Photonic quantum computers can break encryption 700x faster

Technology News |
By Nick Flaherty

Cette publication existe aussi en Français


PsiQuantum has shown its photonic fault tolerant quantum computer architecture can break Elliptic Curve Cryptography (ECC) 700 times faster than other quantum machines.

A paper describes a more efficient method to break ECC which is widely used for secure communications. This approach uses techniques especially applicable to photonic architectures and reduces the number of gate operations required to break an ECC key by up to 80% as well as a 700x reduction in computation time relative to the state-of-the-art quantum algorithms.

This active volume architecture leverages long-range connections within the quantum computer and results in a 700x reduction in the computational resource requirements for breaking ECC keys relative to state-of-the-art quantum algorithms. This is also orders of magnitude less time to compute than the billions of years required by conventional computers to break a 256bit ECC key.

However cracking 256-bit ECC keys still requires quantum computers having millions of physical qubits. Even though photonic quantum computers can reduce the size of the required system, this still requires a machine much larger than today.

Both RSA and ECC keys could be easily broken using large-scale quantum computers. Algorithms have been discovered for quantum computers that can, unlike conventional computers, efficiently reverse the mathematical operations at the heart of RSA and ECC. Several research papers have explored quantum algorithms for the generation of RSA and ECC keys in the past decades.

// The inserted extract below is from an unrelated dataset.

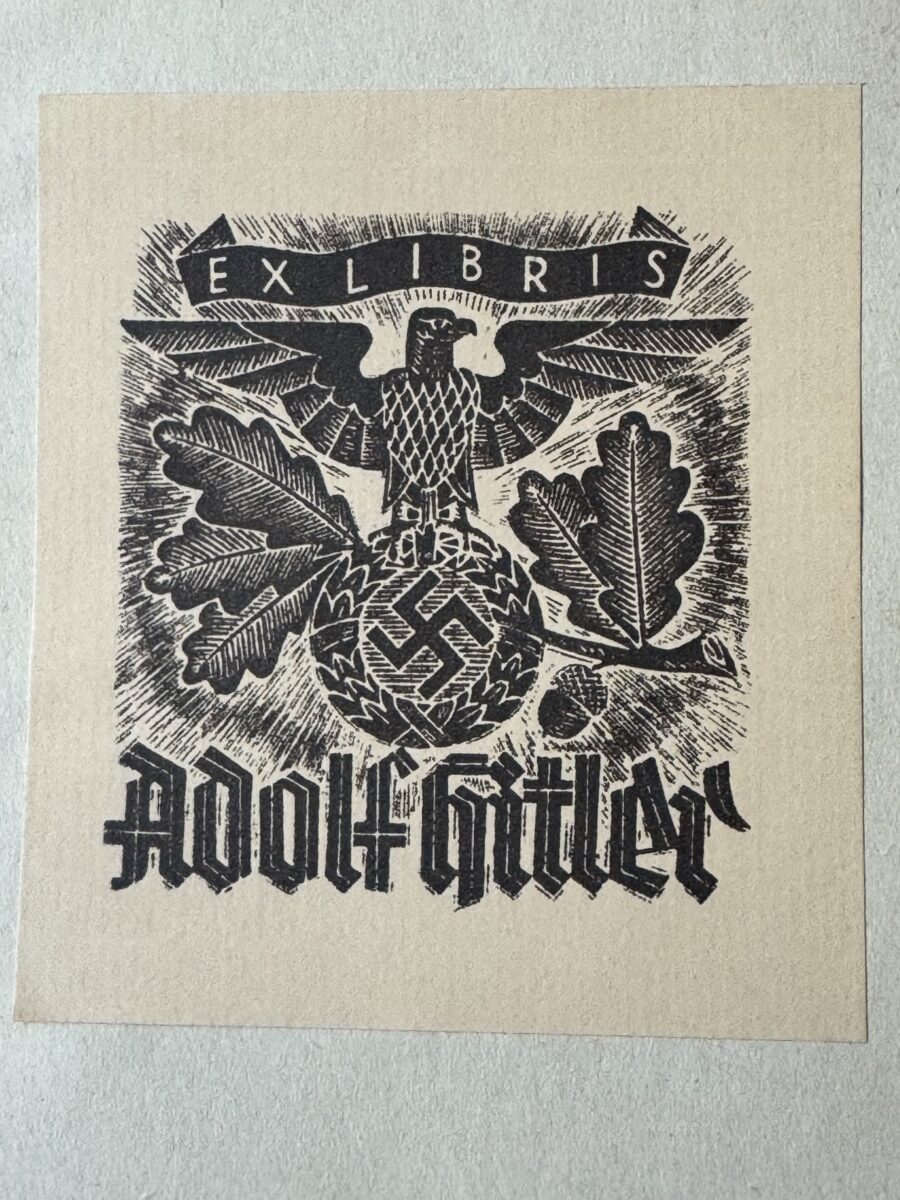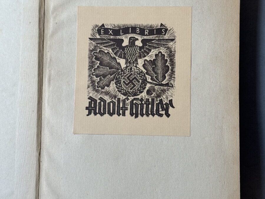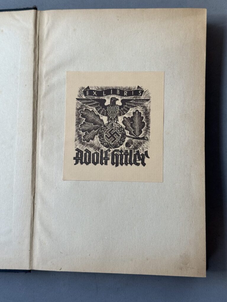 SOLD,SOLD,SOLD Adolf Hitler’s personal library book removed from the Berghof by a local resident after the war. The first page bears the label Ex libris in printed paper, 8×8 cm with the inscription: “Ex Libris Adolf Hitler” (“From the Library of Adolf Hitler”). The ex libris bears a monochrome image of an eagle and a swastika on an oak branch.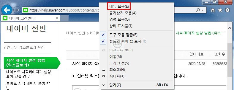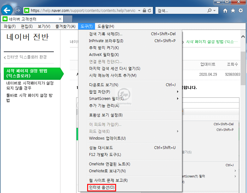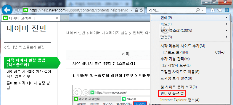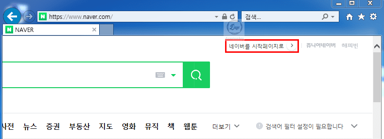 네이버를 시작페이지로 바꾸기 (Intetnet Explorer)

Although it involves more mathematically complex operations, breaking 256-bit ECC keys is easier than breaking 2048-bit RSA keys, thanks to the shorter keys needing fewer resource-intensive arithmetic operations.

The active volume compilation technique is especially applicable to photonic architectures rather than matter-based qubits such as ion traps or superconducting qubits.

“These results illustrate a characteristic property of the field of quantum computing, which is that while much progress is made through slow and painful incremental development, it is also not surprising to see huge leaps forward by an order of magnitude or more. Because of this unpredictability, as well as the high potential impact of the technology, companies and organizations which are developing quantum computers carry a serious responsibility to ensure that quantum computing is deployed in a responsible and appropriately transparent way. This is why we are choosing to publish our methods in the public domain,” said Prof. Terry Rudolph, Chief Architect and Co-Founder at PsiQuantum.